WHAT YOU HAVE TO DO -> Reproduce every line of the material below exactly. No pictures belong in the copy.

STORED DATA ->

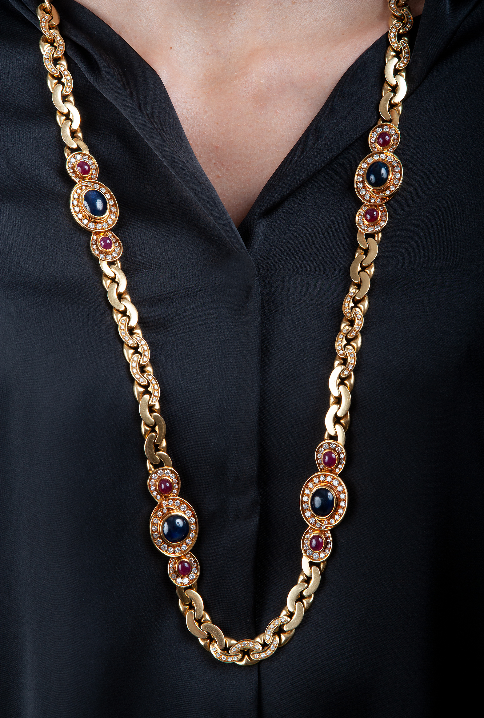 Collana con zaffiri e rubini cabochon
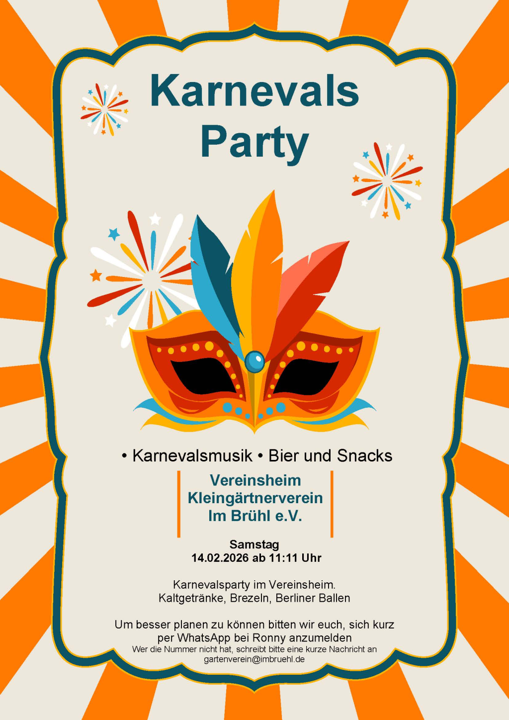 | 14.02.2026 | Beginn: 11:11 Uhr | Karnevals-Party | Vereinsheim | Flyer |
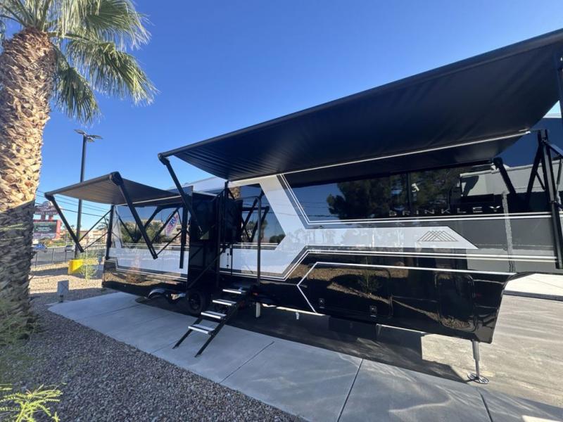 The Brinkley mid-profile Model Z fifth wheels bring you clean lines and an upscale look with plenty of style and exciting new features like the industry first brass plumbing connections. These units also feature an automotive grade front cap, plenty of exterior storage, dual exterior hot and cold showers, and wide stance leveling jacks for easy set up. Residential frameless windows provide a clean look and beautiful views, and ample electrical outlets and 6 USB/USB-C outlets allow all of your electronics and appliances to easily be used and charged.

ANSWER TO THIS TASK ->
 Collana con zaffiri e rubini cabochon
 | 14.02.2026 | Beginn: 11:11 Uhr | Karnevals-Party | Vereinsheim | Flyer |
 The Brinkley mid-profile Model Z fifth wheels bring you clean lines and an upscale look with plenty of style and exciting new features like the industry first brass plumbing connections. These units also feature an automotive grade front cap, plenty of exterior storage, dual exterior hot and cold showers, and wide stance leveling jacks for easy set up. Residential frameless windows provide a clean look and beautiful views, and ample electrical outlets and 6 USB/USB-C outlets allow all of your electronics and appliances to easily be used and charged.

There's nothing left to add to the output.